Instructions to follow:
Exclude the pictures, then restate exactly each line of the data below from the first through the line containing "NG broke from".

○ ○ ○ ○ ○

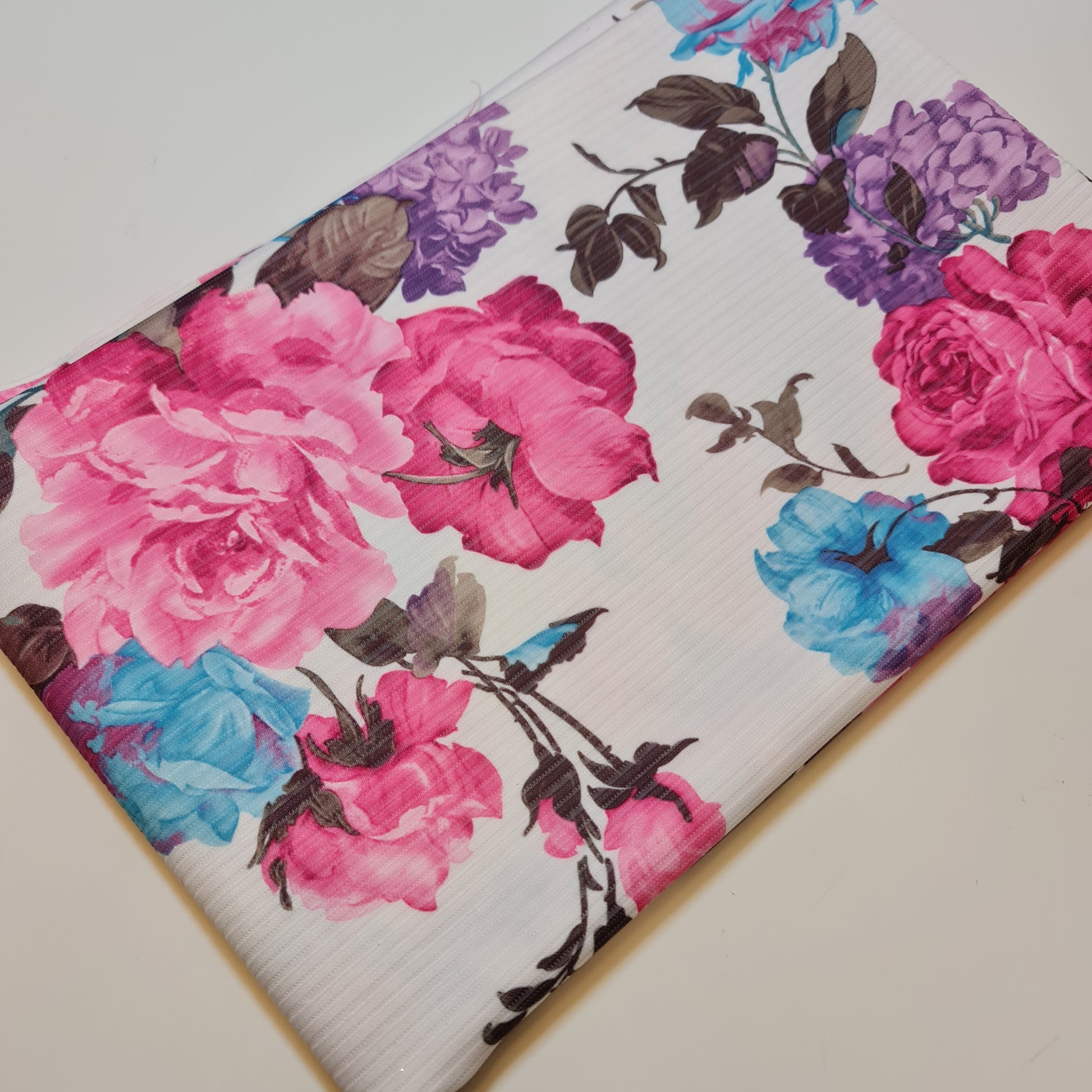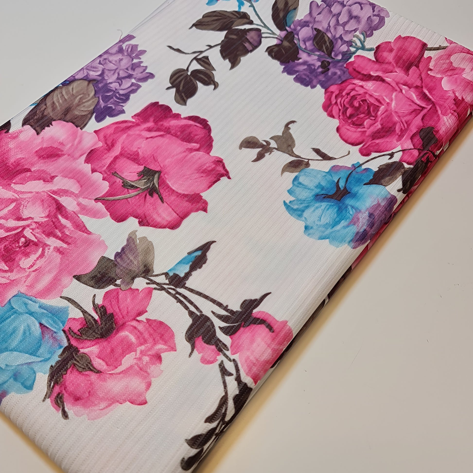 White Floral Stripe Ribbed Poly Viscose Stretch Jersey Floral Print Dress Craft Fabric
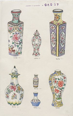 For almost 300 years, since it was produced under the patronage of Louis XV, Sevres porcelain has been highly regarded for its high quality and beautiful design. These watercolors and hand water colored pouchoir prints are original designs created by the Sevres artist Gabriel Fourmaintraux to serve as guides for the painters of the porcelain and as sales tools for prospective clients showing them the range of sizes, decorative motifs, and finishing available at varying prices. The inclusion of pencil notations of prices, sizes and finishing options and stamps indicating order numbers are evidence of the fascinating role of the works as working designs. Our collection includes depictions of breakfast, dinner and dessert serving pieces, boxes, trays, lamps, table and toiletry accessories, vases, etc. Each is a beautiful and unique historical record of French decorative art.
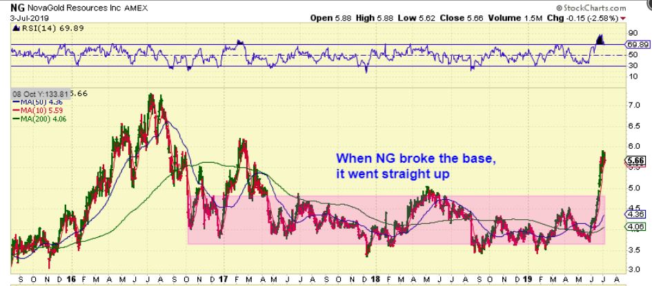 NG broke from its multiyear base, and it has rallied strongly, straight up. DRD did the same.
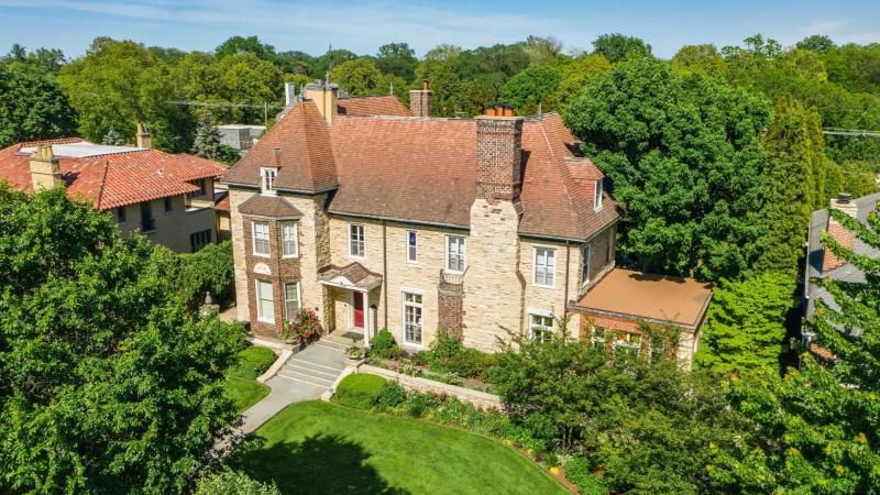An architecturally stunning French country chateau (ca.1928) situated on a massive 100'x184' lot with mature landscaping in the heart of River Forest's Estate District. Featuring Lannon stone, wood molded brick and a clay tile roof, this beauty has been restored and maintained like no other. Boasting hardwood throughout; the main level features a herringbone pattern in the Reception Foyer, Family Room, Breakfast Room and Dining Room. A massive sunken Living Room featuring French windows, twin two tiered Shoenbeck crystal chandeliers and a gas log fireplace flows to a sunken Sun Parlor that sits at the southern section of the floor plan, boasting a marble floor, 14' ceilings, French Doors, French windows and incredibly detailed plaster carved moldings. The Dining Room features a pair of illuminated display cabinets, a decorative fireplace and French Doors leading directly to the veranda looking out on the private backyard. The veranda is an open, but protected, arched outdoor room w Lannon stone flooring. The Main level Family Room sits opposite the Living Room and also features a decorative fireplace with hand carved plaster details. A Mark Menna designed kitchen features custom solid cherry cabinetry, heated flooring, a Wolf range, Kitchen Aid refrigerator, wine fridge and a cozy gas log fireplace. An Oval shaped Breakfast Room sits adjacent and also offers access to the veranda. A sweeping staircase leads to the second level; a landing features French Doors that open onto an eastern facing second floor deck space that overlooks the yard. A large sitting area on the second level splits the Primary wing from the other two Bedrooms on this level. An absolutely massive Primary Suite features a foyer, a walk in closet, Mark Menna bath with double vanities, heated limestone floor, and two more tandem rooms, currently used as a his and hers office. This could work easily as a nursery with home office as well. Bedroom II is also an en-suite featuring an updated bath and is currently carpeted but has an original hardwood floor. Bedroom III sits adjacent a petite bath with tub. A back staircase leads down to the kitchen as well as to the 3rd floor which boasts 2 more Bedrooms (IV & V) and a shared hallway bath, this sits on the northern section of the floor plan. There is expansive attic space that is a raw option simply to use as storage or else add even more finished square footage to this foot print. The basement features a Polyurea resurfaced floor, high ceilings, a master craftsman's wood working room, laundry, multiple storage closets, and walks out to the rear drive via a cellar door. Mature landscaping surrounds this home, the backyard features 110 towering Wintergreen Arborvitae that line the perimeter and provide utmost privacy. Gather round the flagstone gas log fire pit and enjoy this serene setting inside a formal garden lined with Boxwoods and accented with ornamental trees and perennial plantings.
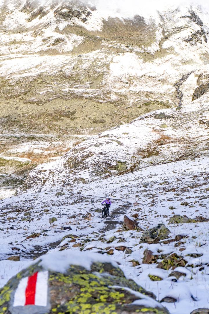Wybraliśmy klasyczną trasę pioniera TransAlp – Andiego Hackmaiera, czyli prawdziwy górski test kondycji, sprzętu i charakteru. Najbardziej zapamiętaliśmy dzień, w którym na początku września zastała nas śnieżyca — a przed nami wciąż był podjazd na przełęcz na wysokości ponad 2600 m n.p.m. Mimo trudnych warunków udało nam się dotrzeć na sam szczyt bez większej konieczności pchania — to niesamowite, jak wiele można osiągnąć dzięki e-bike’om, nie tracąc przy tym poczucia prawdziwej przygody.
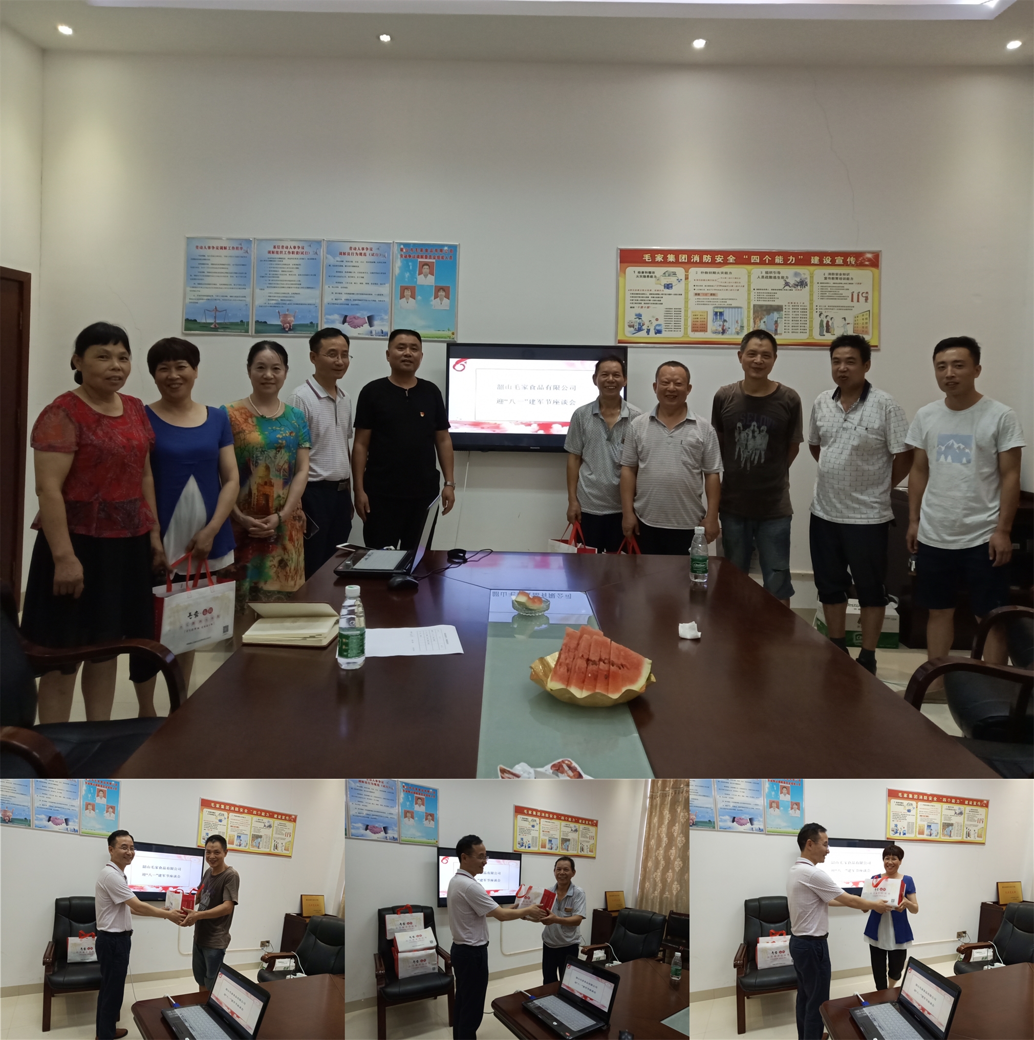 (2018年7月31日,毛家食品召開(kāi)迎“八一”座談會(huì),為退役軍人、軍屬及烈屬送上慰問(wèn)品)
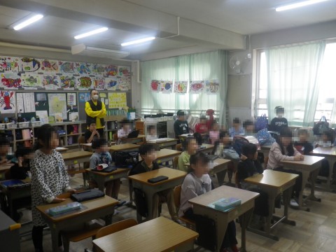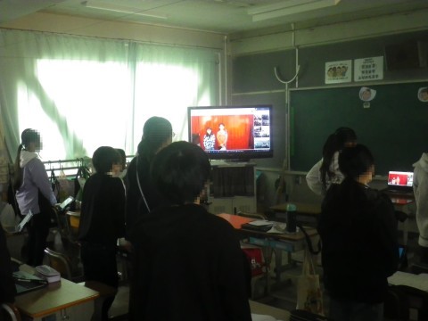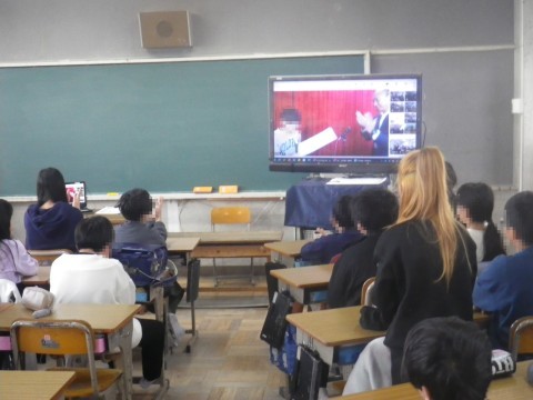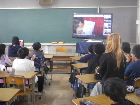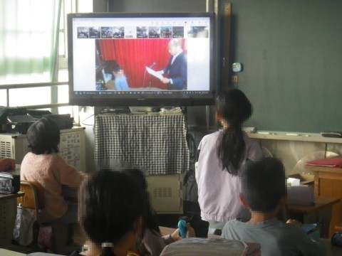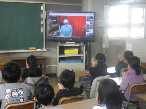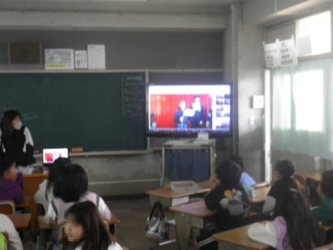 今日はテレビ朝会でした。司会は代表委員会の児童が行います。朝のあいさつをした後,校歌(1番)を歌います。その後,子どもたちの表彰が3件ありました。代表児童は放送室で直接校長が表彰しますが,それ以外の子どもたちは名前を放送で呼ばれたら教室で返事をして立ちます。今日の表彰は,はとぶえ,読書感想文コンクール,堺市幼小中絵画展でした。
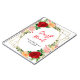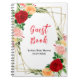 This beautiful and elegant baby shower guest book features watercolor red, pink and orange roses with foliage on a gold geometric frame. The text combines handwritten script and serif fonts for a stylish and modern look. This is perfect for a summer rustic baby shower.
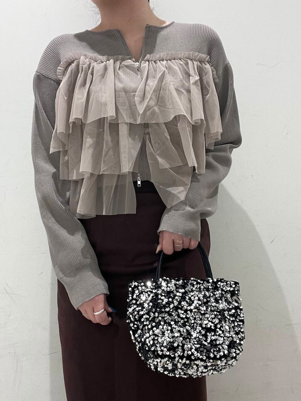 SENSE OF PLACE『洗濯可』ダブルジップフリルニットカーディガン
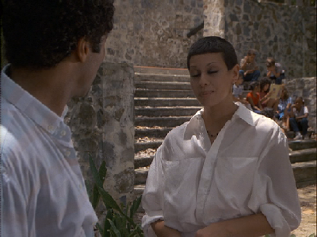Tubbs goes to see Angelina to find out where Calderone is. Unknown island location.
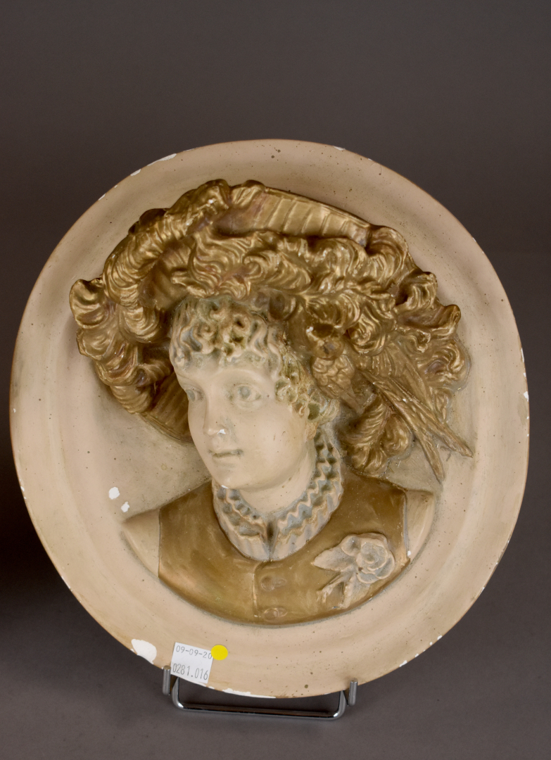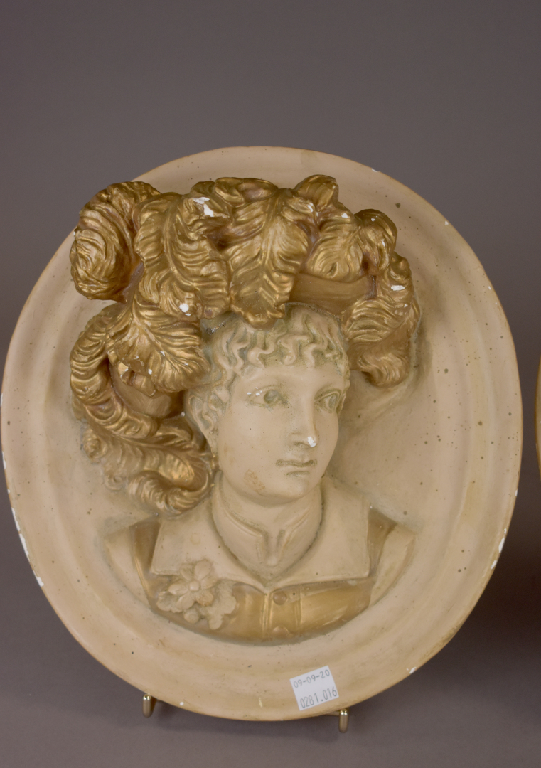 Paire de médaillons en plâtre partiellement doré figurant des élégantes coiffées de châpeaux (éclats). Vers 1900. Diam. : 26,5 cm.
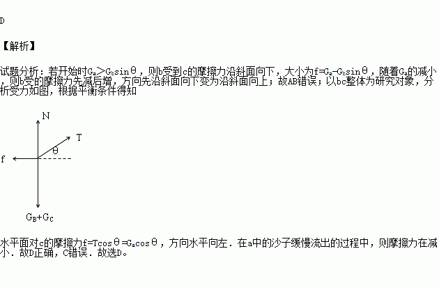 如图所示,倾角为θ的斜面体c置于水平地面上,小物块b置于斜面上, 通过细绳跨过光滑的定滑轮与沙漏a连接,连接b的一段细绳与斜面平行.在a中的沙子缓慢流出的过程中,a、b、c都处于静止状态,则( )
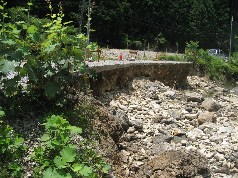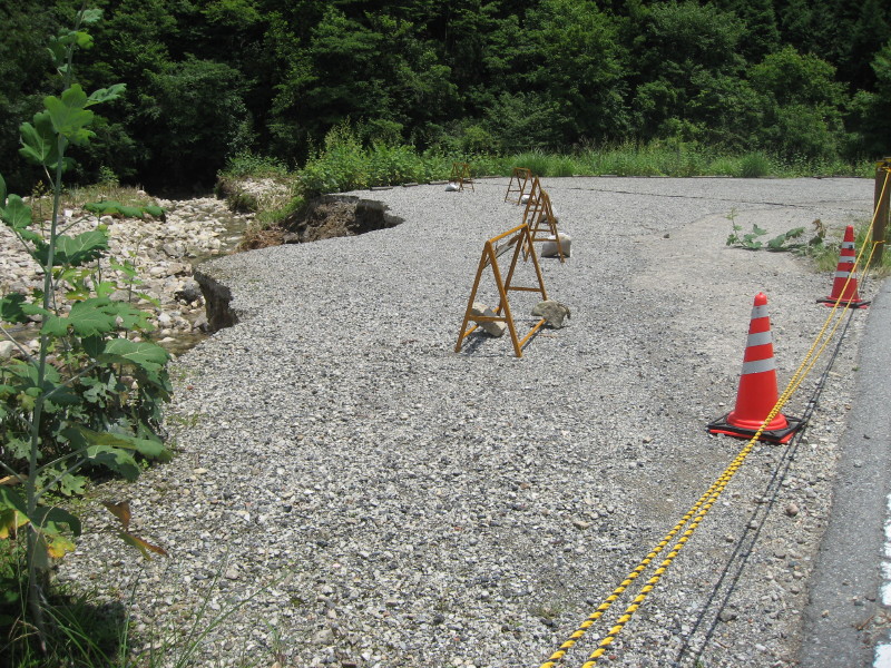 七種川の金剛橋横の現場、道路不通。早い復旧が求められている。
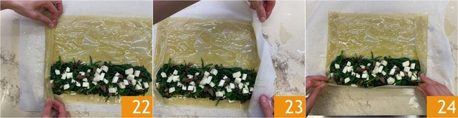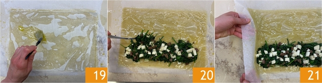 Continúa así con las 6 hojas de masa filo. Pinta la última capa con aceite 19 y rellena la mitad inferior con el relleno, cuidando de dejar un borde libre 20. Ahora cierra la masa: levanta el papel de horno para doblar ligeramente el lado corto 21.

○ ○ ○ ○ ○

Result for this exercise:
 White Floral Stripe Ribbed Poly Viscose Stretch Jersey Floral Print Dress Craft Fabric
 For almost 300 years, since it was produced under the patronage of Louis XV, Sevres porcelain has been highly regarded for its high quality and beautiful design. These watercolors and hand water colored pouchoir prints are original designs created by the Sevres artist Gabriel Fourmaintraux to serve as guides for the painters of the porcelain and as sales tools for prospective clients showing them the range of sizes, decorative motifs, and finishing available at varying prices. The inclusion of pencil notations of prices, sizes and finishing options and stamps indicating order numbers are evidence of the fascinating role of the works as working designs. Our collection includes depictions of breakfast, dinner and dessert serving pieces, boxes, trays, lamps, table and toiletry accessories, vases, etc. Each is a beautiful and unique historical record of French decorative art.
 NG broke from its multiyear base, and it has rallied strongly, straight up. DRD did the same.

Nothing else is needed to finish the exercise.